**What you have to do:** Omit all images, then repeat exactly the lines below from the one containing "鶏肉に火が通ったら余分な脂を拭き取ります。" through the one containing "Very pretty vintage-inspired", both ends included.

**Records provided:**
----
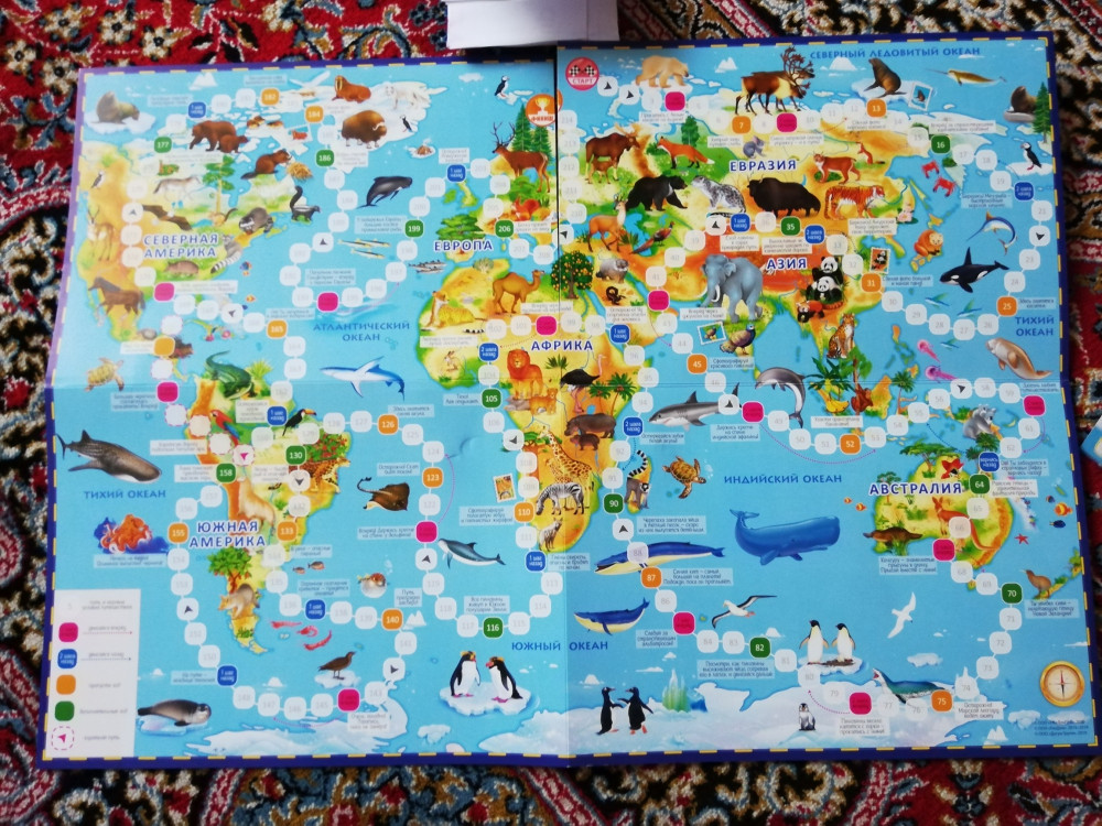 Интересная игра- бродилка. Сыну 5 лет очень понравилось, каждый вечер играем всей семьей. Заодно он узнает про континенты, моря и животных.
----
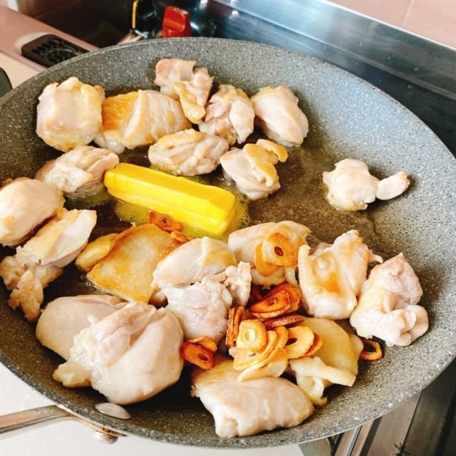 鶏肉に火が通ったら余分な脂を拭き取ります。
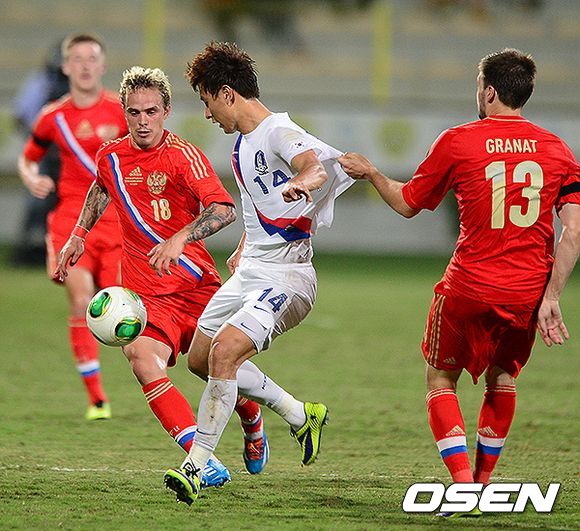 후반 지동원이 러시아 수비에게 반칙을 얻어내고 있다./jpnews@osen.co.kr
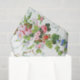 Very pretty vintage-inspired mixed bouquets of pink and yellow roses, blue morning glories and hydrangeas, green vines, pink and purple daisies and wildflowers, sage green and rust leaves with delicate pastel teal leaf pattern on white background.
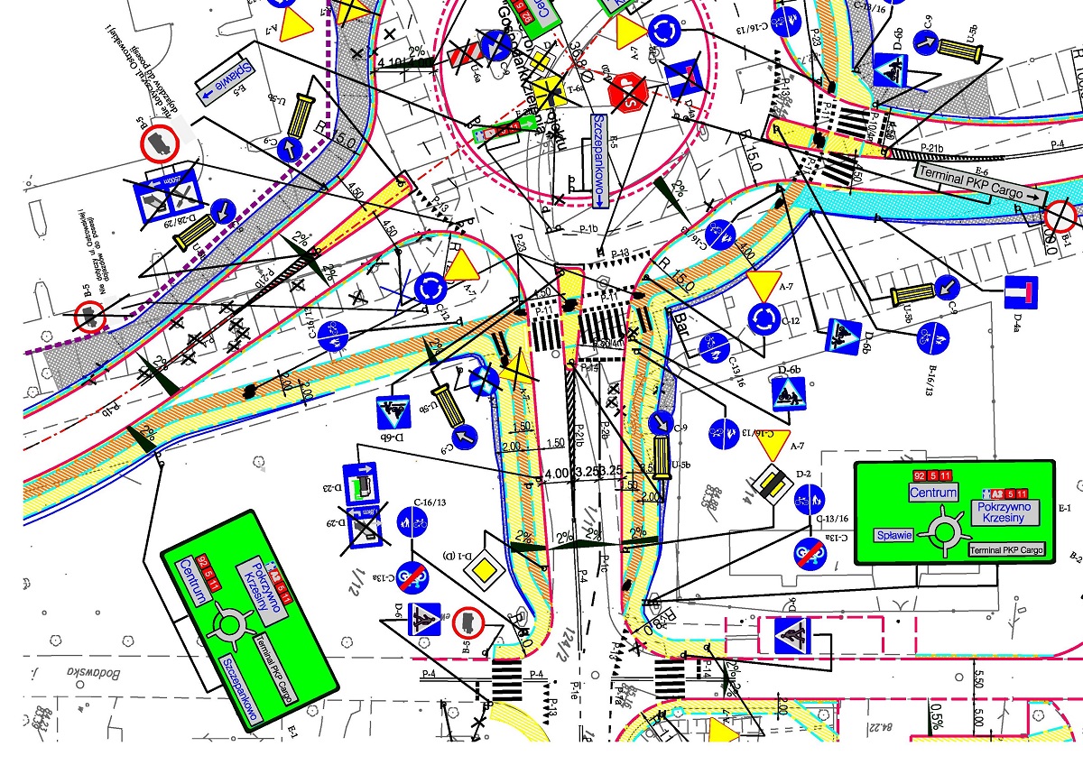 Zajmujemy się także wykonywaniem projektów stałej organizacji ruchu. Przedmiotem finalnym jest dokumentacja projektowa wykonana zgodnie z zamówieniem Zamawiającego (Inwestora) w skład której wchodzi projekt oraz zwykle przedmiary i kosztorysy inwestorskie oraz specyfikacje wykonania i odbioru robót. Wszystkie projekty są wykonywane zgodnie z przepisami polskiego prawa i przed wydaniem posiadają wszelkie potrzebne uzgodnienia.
----
**Response area:**
 鶏肉に火が通ったら余分な脂を拭き取ります。
 후반 지동원이 러시아 수비에게 반칙을 얻어내고 있다./jpnews@osen.co.kr
 Very pretty vintage-inspired mixed bouquets of pink and yellow roses, blue morning glories and hydrangeas, green vines, pink and purple daisies and wildflowers, sage green and rust leaves with delicate pastel teal leaf pattern on white background.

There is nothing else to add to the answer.